Category: pyrrolines

541-59-3, Maleimide is a pyrrolines compound, ?involved in a variety of chemical synthesis. Rlated chemical reaction is continuously updated,541-59-3

The title compound was prepared using a modification of the method of Foley, et al., 2010 Biomol. Chem. 8:4601-4606). To a solution of maleimide (5.0 g, 51.5 mmole) in dry ethyl acetate (250 mL) was added N-methylmorpholine (5.7 mL, 51.5 mmole) and this mixture cooled to 0 C. (ice-bath) under anhydrous N2(g). Methyl chloroformate (4.8 mL, 61.8 mmole) was added slowly with stirring under anhydrous conditions, and the reaction allowed to stir at 0 C. for 30 min. and at room temperature for 30 min. The reaction mixture was filtered through a Buchner funnel and the white precipitate washed with ethyl acetate (100 mL). The combined filtrate was extracted with ice-water (1*100 mL) and brine solution (1*100 mL) and then dried over anhydrous magnesium sulfate. The product was filtered and evaporated to a clear oil that was co-evaporated with dry toluene (2*25 mL) and dried in vacuo under high vacuum overnight. The resulting clear oil was crystallized by trituration from anhydrous diethylether (50 mL) to give an off-white solid (2.77 g, 35%) homogeneous by t.l.c. (irrigant=9:1 dichloromethane:methanol, Rf=0.62).
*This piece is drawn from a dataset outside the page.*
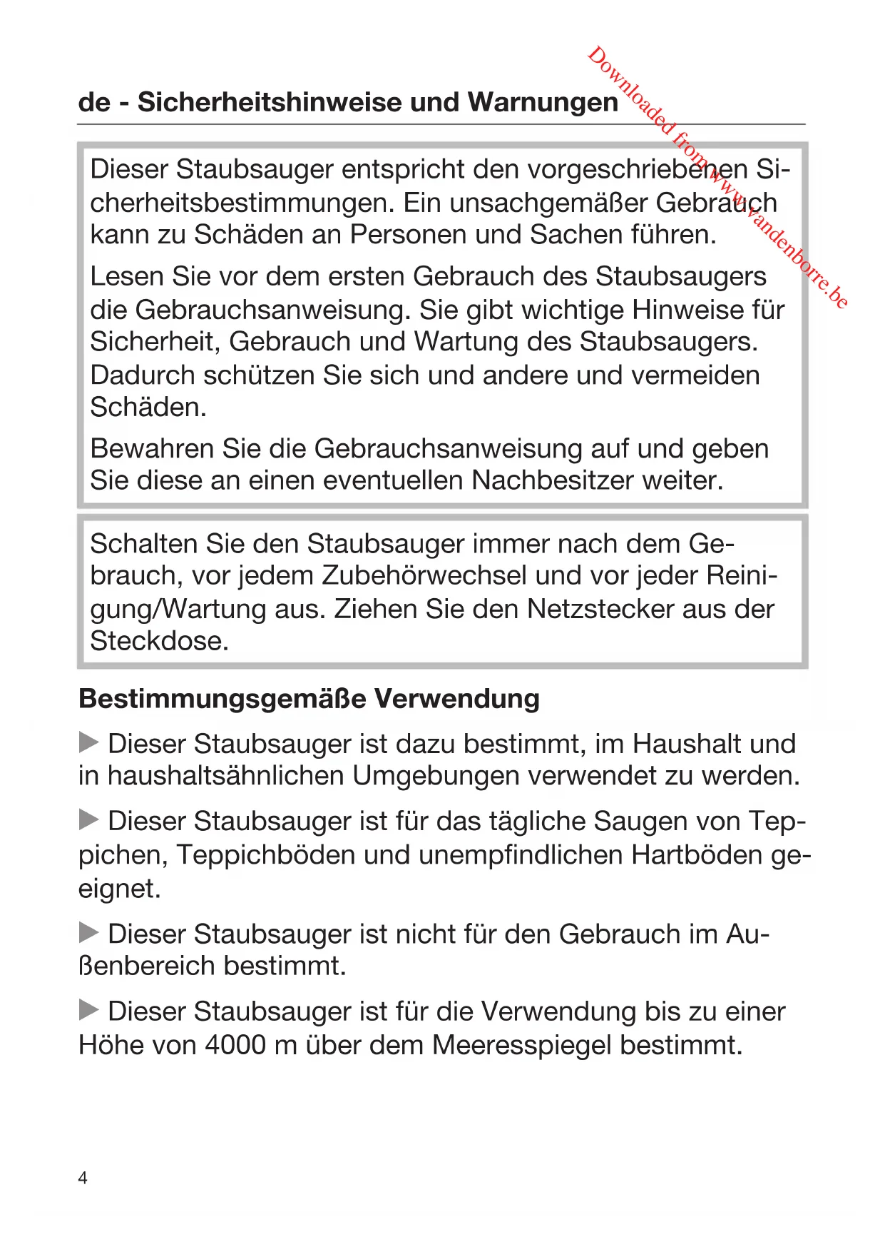 Dieser Staubsauger entspricht den vorgeschriebenen Si- cherheitsbestimmungen. Ein unsachgemäßer Gebrauch kann zu Schäden an Personen und Sachen führen. Lesen Sie vor dem ersten Gebrauch des Staubsaugers die Gebrauchsanweisung. Sie gibt wichtige Hinweise für Sicherheit, Gebrauch und Wartung des Staubsaugers. Dadurch schützen Sie sich und andere und vermeiden Schäden. Bewahren Sie die Gebrauchsanweisung auf und geben Sie diese an einen eventuellen Nachbesitzer weiter. Schalten Sie den Staubsauger immer nach dem Ge- brauch, vor jedem Zubehörwechsel und vor jeder Reini- gung/Wartung aus. Ziehen Sie den Netzstecker aus der Steckdose. Bestimmungsgemäße Verwendung Dieser Staubsauger ist dazu bestimmt, im Haushalt und in haushaltsähnlichen Umgebungen verwendet zu werden. Dieser Staubsauger ist für das tägliche Saugen von Tep- pichen, Teppichböden und unempfindlichen Hartböden ge- eignet. Dieser Staubsauger ist nicht für den Gebrauch im Au- ßenbereich bestimmt. Dieser Staubsauger ist für die Verwendung bis zu einer Höhe von 4000 m über dem Meeresspiegel bestimmt. Downloaded from www.vandenborre.bede - Sicherheitshinweise und Warnungen

541-59-3 Maleimide 10935, apyrrolines compound, is more and more widely used in various.

Reference£º
Patent; Marker Gene Technologies, Inc.; Naleway, John Joseph; Harlan, Fiona Karen; Lusk, Jason Scott; (72 pag.)US2018/207287; (2018); A1;,
Pyrroline – Wikipedia
1-Pyrroline | C4H7N – PubChem

With the rapid development and complex challenges of chemical substances, new drug synthesis pathways are usually the most effective.1122-10-7,3,4-Dibromo-1H-pyrrole-2,5-dione,as a common compound, the synthetic route is as follows.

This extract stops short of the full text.